### TASK OBJECTIVE
Your output must consist of the records printed verbatim, with the pictures excluded.

### AVAILABLE DATA
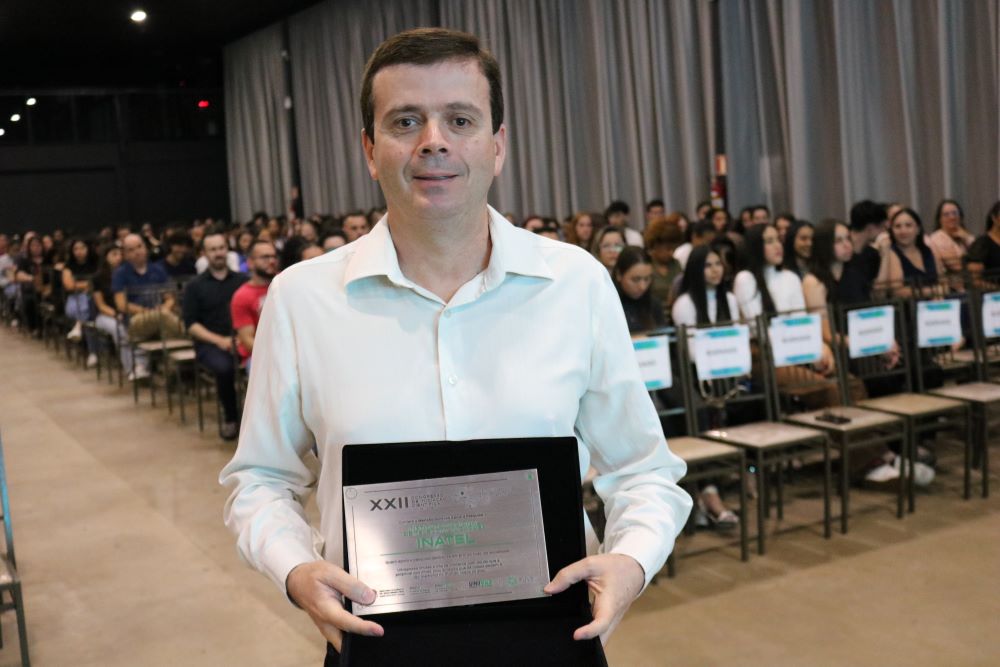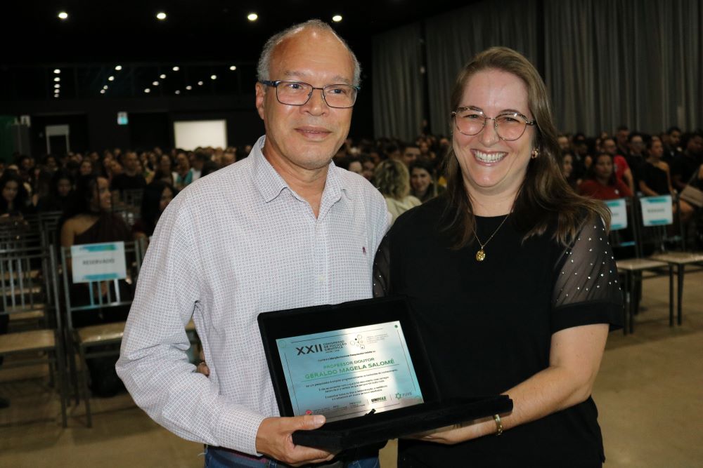 O professores Geraldo Magela Salomé da Univás e Fabiano Valias do Instituto Nacional de Telecomunicações (INATEL) receberam menções honrosas durante o evento acadêmico.
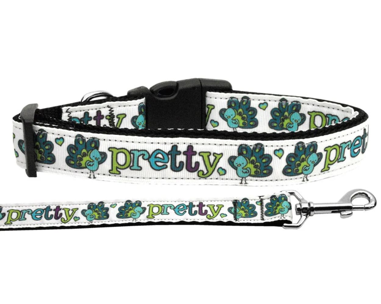 Pet Dog & Cat Nylon Collar or Leash, "Pretty As A Peacock"
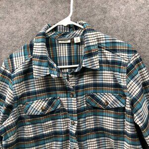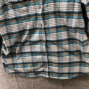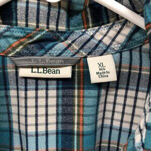 L.L. Bean Flannel Shirt Womens XL Blue White Plaid Teal Long Sleeve
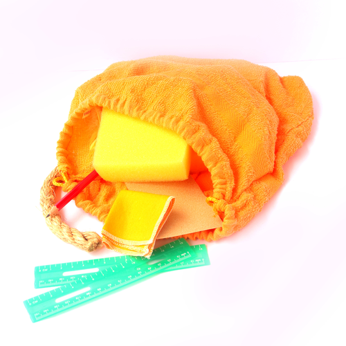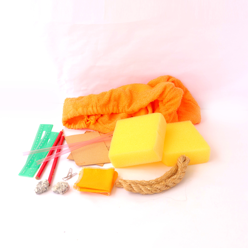 - Fill the bag with different items that have different textures. You need to put two same items inside the bag. ( E.g.: 2 sponges, 2 feathers, 2 pencils, 2 sandpapers)
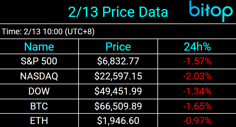 The potential disruptive impact of artificial intelligence continues to spread, weakening U.S. tech stocks and Bitcoin prices, while silver plummeted as investors flocked to the safe haven of the U.S. Treasury market. Bitcoin (BTC) continued its decline, dipping to a low of $65,118 earlier this morning. Standard Chartered analysts have revised their year-end 2026 target price downward from the original $150,000 to $100,000. They also anticipate that Bitcoin prices could fall to $50,000 (or slightly below), while Ethereum could drop to $1,400.
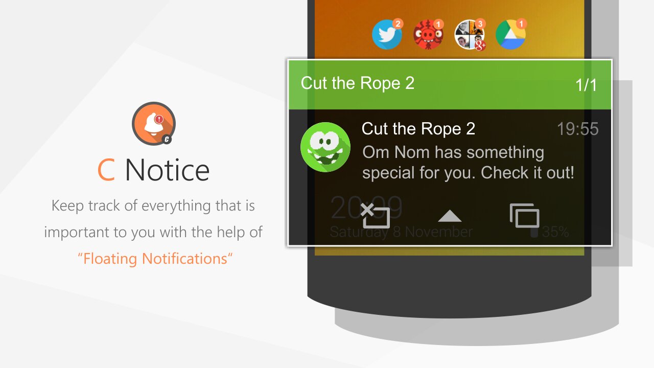 C Notice – это системное приложение для Android, которое выводит поступающие уведомления в отдельном плавающем окне. Оно позволяет четко определить, от каких программ будут отображаться сообщения, что упрощает просмотр всех оповещений. Вторым приятным плюсом является возможность просмотра прямо с экрана блокировки.
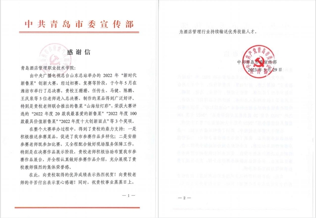 青岛市委宣传部向学校发来感谢信,对学校积极参与2022年“新时代·新鲁菜”创新大赛表示感谢,对学校教师为本次比赛付出的辛勤努力和取得的成绩予以肯定。
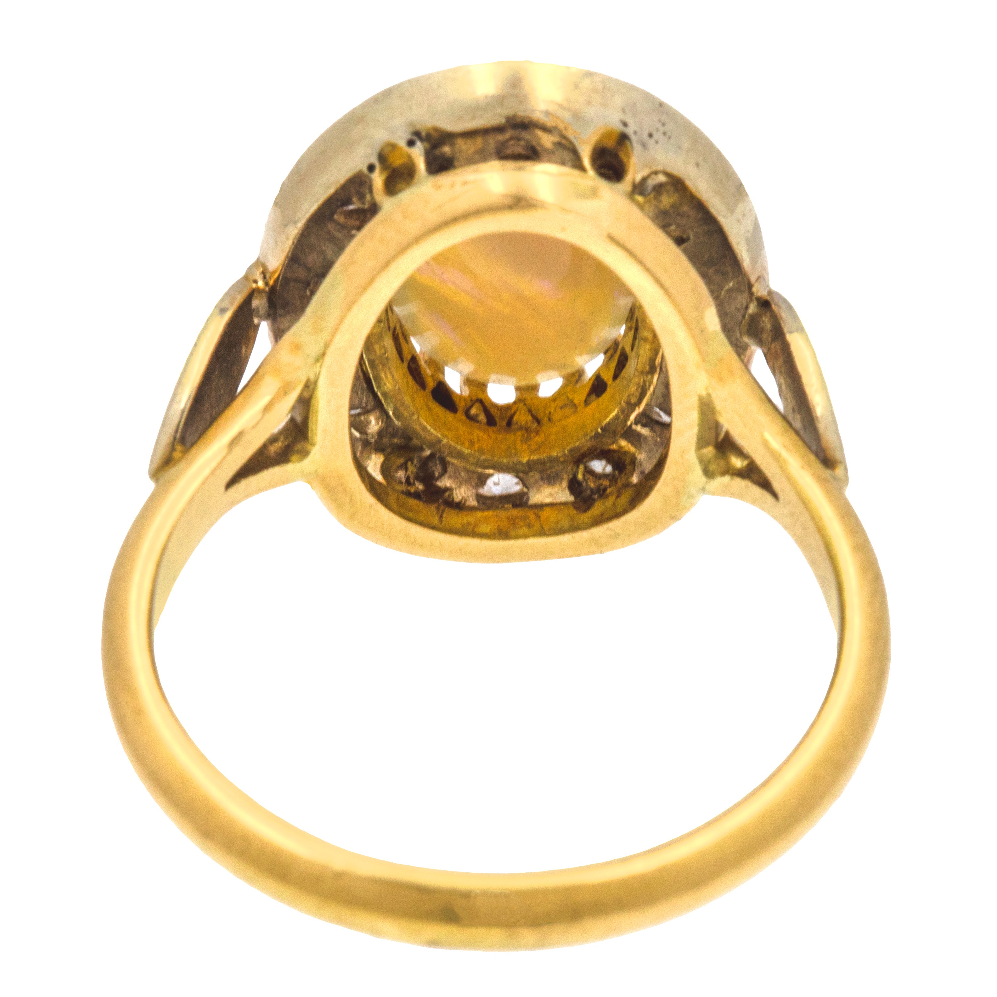 EXCELLENT. This Art Deco 18ct Gold Opal Diamond cluster ring is offered in excellent condition. The Opal is smooth to the touch, free from nibbles or chips, and the Diamonds are sparkly and free from fleabites. The 18ct Gold is saturated and the details have remained crisp, each of the gemstones are securely set. With proper care and maintenance, this ring will last for generations to come!
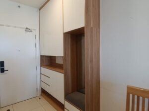 Tủ giày full trần lưu trữ được nhiều đồ dùng, giúp không gian nhà thêm rộng rãi và gọn gàng hơn
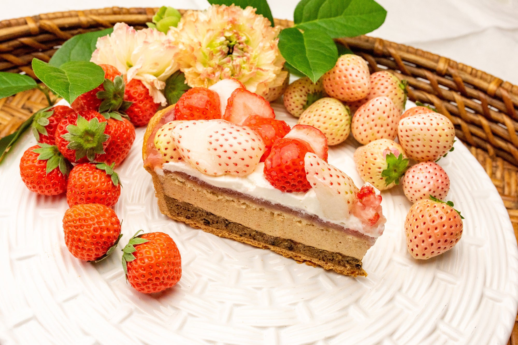 アッサムを合わせたアーモンドクリームにミルクティームースを流し、白イチゴ“初恋の香り”と“桃薫”を華やかに飾りました。2種類のブランドイチゴとミルクティーの組み合わせが新鮮です。
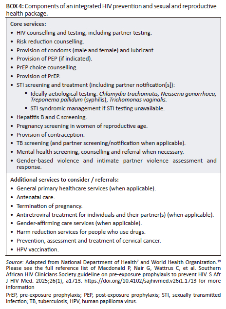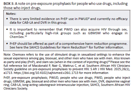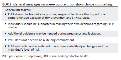 Table 1 details available PrEP options in the South African setting, and Table 2 details appropriate safety screening and monitoring.
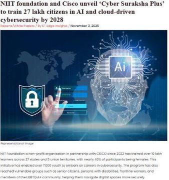 On 5th Dec 2025, at AISS 2025, NIIT Foundation was represented by Vikram Kumar alongside Geetanjali Gaur, Shubhi Takkar, and Robin Sarkar, highlighting cybersecurity in digital literacy
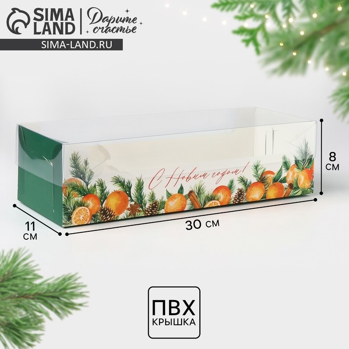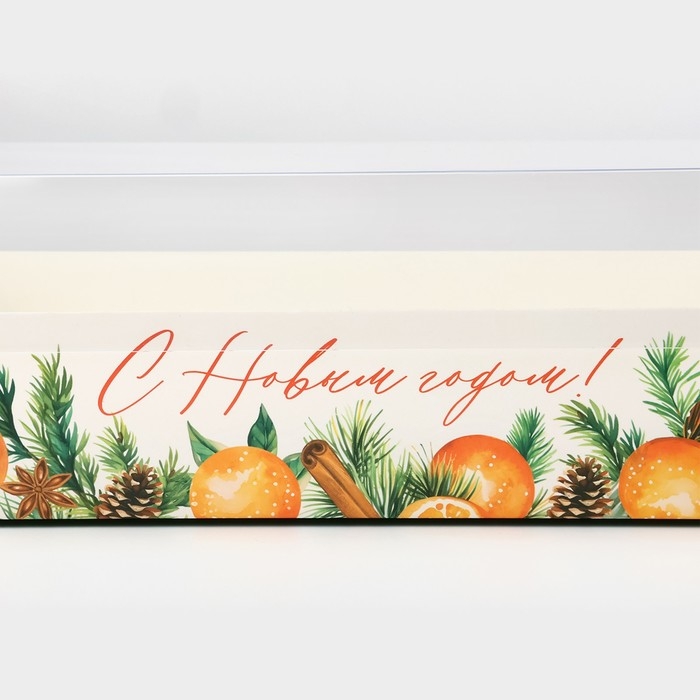 Коробка для кондитерских изделий с пластиковой крышкой «Тепла и Уюта», 30 х 8 х 11 см, Новый год
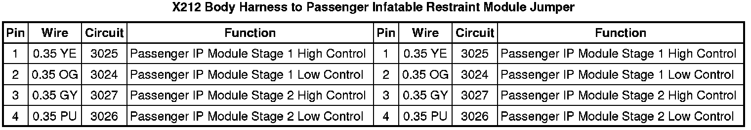 X212 Body Harness to Passenger Inflatable Restraint Module Jumper

### ANSWER BOX
 O professores Geraldo Magela Salomé da Univás e Fabiano Valias do Instituto Nacional de Telecomunicações (INATEL) receberam menções honrosas durante o evento acadêmico.
 Pet Dog & Cat Nylon Collar or Leash, "Pretty As A Peacock"
 L.L. Bean Flannel Shirt Womens XL Blue White Plaid Teal Long Sleeve
 - Fill the bag with different items that have different textures. You need to put two same items inside the bag. ( E.g.: 2 sponges, 2 feathers, 2 pencils, 2 sandpapers)
 The potential disruptive impact of artificial intelligence continues to spread, weakening U.S. tech stocks and Bitcoin prices, while silver plummeted as investors flocked to the safe haven of the U.S. Treasury market. Bitcoin (BTC) continued its decline, dipping to a low of $65,118 earlier this morning. Standard Chartered analysts have revised their year-end 2026 target price downward from the original $150,000 to $100,000. They also anticipate that Bitcoin prices could fall to $50,000 (or slightly below), while Ethereum could drop to $1,400.
 C Notice – это системное приложение для Android, которое выводит поступающие уведомления в отдельном плавающем окне. Оно позволяет четко определить, от каких программ будут отображаться сообщения, что упрощает просмотр всех оповещений. Вторым приятным плюсом является возможность просмотра прямо с экрана блокировки.
 青岛市委宣传部向学校发来感谢信,对学校积极参与2022年“新时代·新鲁菜”创新大赛表示感谢,对学校教师为本次比赛付出的辛勤努力和取得的成绩予以肯定。
 EXCELLENT. This Art Deco 18ct Gold Opal Diamond cluster ring is offered in excellent condition. The Opal is smooth to the touch, free from nibbles or chips, and the Diamonds are sparkly and free from fleabites. The 18ct Gold is saturated and the details have remained crisp, each of the gemstones are securely set. With proper care and maintenance, this ring will last for generations to come!
 Tủ giày full trần lưu trữ được nhiều đồ dùng, giúp không gian nhà thêm rộng rãi và gọn gàng hơn
 アッサムを合わせたアーモンドクリームにミルクティームースを流し、白イチゴ“初恋の香り”と“桃薫”を華やかに飾りました。2種類のブランドイチゴとミルクティーの組み合わせが新鮮です。
 Table 1 details available PrEP options in the South African setting, and Table 2 details appropriate safety screening and monitoring.
 On 5th Dec 2025, at AISS 2025, NIIT Foundation was represented by Vikram Kumar alongside Geetanjali Gaur, Shubhi Takkar, and Robin Sarkar, highlighting cybersecurity in digital literacy
 Коробка для кондитерских изделий с пластиковой крышкой «Тепла и Уюта», 30 х 8 х 11 см, Новый год
 X212 Body Harness to Passenger Inflatable Restraint Module Jumper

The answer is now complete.